(Records drawn from a dataset)
┌────────
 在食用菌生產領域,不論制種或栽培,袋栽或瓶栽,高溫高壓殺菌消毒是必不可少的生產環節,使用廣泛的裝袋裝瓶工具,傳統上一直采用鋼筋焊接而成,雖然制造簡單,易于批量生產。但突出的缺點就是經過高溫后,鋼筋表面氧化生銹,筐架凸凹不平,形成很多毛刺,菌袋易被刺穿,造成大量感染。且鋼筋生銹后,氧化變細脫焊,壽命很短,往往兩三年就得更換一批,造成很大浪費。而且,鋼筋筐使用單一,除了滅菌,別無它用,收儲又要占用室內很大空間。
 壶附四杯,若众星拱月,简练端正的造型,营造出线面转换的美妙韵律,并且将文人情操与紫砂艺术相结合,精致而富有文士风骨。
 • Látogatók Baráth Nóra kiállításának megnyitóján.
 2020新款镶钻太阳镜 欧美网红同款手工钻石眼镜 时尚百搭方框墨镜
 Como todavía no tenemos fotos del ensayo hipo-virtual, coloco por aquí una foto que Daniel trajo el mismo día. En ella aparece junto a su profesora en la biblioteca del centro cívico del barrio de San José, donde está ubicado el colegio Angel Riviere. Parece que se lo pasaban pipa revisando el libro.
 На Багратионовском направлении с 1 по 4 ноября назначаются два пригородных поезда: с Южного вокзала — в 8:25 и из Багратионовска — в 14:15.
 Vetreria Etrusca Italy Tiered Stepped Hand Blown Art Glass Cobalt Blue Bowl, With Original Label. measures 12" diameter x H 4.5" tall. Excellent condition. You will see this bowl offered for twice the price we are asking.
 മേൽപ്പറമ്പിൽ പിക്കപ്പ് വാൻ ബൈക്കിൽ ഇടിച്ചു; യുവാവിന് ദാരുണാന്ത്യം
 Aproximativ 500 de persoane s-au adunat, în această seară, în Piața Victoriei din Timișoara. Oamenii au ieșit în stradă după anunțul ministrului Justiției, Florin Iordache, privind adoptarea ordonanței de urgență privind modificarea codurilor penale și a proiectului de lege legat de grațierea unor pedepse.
└────────
# THE PROBLEM
All of the data above needs to be transcribed verbatim.

# RESULT OF THIS TASK
 在食用菌生產領域,不論制種或栽培,袋栽或瓶栽,高溫高壓殺菌消毒是必不可少的生產環節,使用廣泛的裝袋裝瓶工具,傳統上一直采用鋼筋焊接而成,雖然制造簡單,易于批量生產。但突出的缺點就是經過高溫后,鋼筋表面氧化生銹,筐架凸凹不平,形成很多毛刺,菌袋易被刺穿,造成大量感染。且鋼筋生銹后,氧化變細脫焊,壽命很短,往往兩三年就得更換一批,造成很大浪費。而且,鋼筋筐使用單一,除了滅菌,別無它用,收儲又要占用室內很大空間。
 壶附四杯,若众星拱月,简练端正的造型,营造出线面转换的美妙韵律,并且将文人情操与紫砂艺术相结合,精致而富有文士风骨。
 • Látogatók Baráth Nóra kiállításának megnyitóján.
 2020新款镶钻太阳镜 欧美网红同款手工钻石眼镜 时尚百搭方框墨镜
 Como todavía no tenemos fotos del ensayo hipo-virtual, coloco por aquí una foto que Daniel trajo el mismo día. En ella aparece junto a su profesora en la biblioteca del centro cívico del barrio de San José, donde está ubicado el colegio Angel Riviere. Parece que se lo pasaban pipa revisando el libro.
 На Багратионовском направлении с 1 по 4 ноября назначаются два пригородных поезда: с Южного вокзала — в 8:25 и из Багратионовска — в 14:15.
 Vetreria Etrusca Italy Tiered Stepped Hand Blown Art Glass Cobalt Blue Bowl, With Original Label. measures 12" diameter x H 4.5" tall. Excellent condition. You will see this bowl offered for twice the price we are asking.
 മേൽപ്പറമ്പിൽ പിക്കപ്പ് വാൻ ബൈക്കിൽ ഇടിച്ചു; യുവാവിന് ദാരുണാന്ത്യം
 Aproximativ 500 de persoane s-au adunat, în această seară, în Piața Victoriei din Timișoara. Oamenii au ieșit în stradă după anunțul ministrului Justiției, Florin Iordache, privind adoptarea ordonanței de urgență privind modificarea codurilor penale și a proiectului de lege legat de grațierea unor pedepse.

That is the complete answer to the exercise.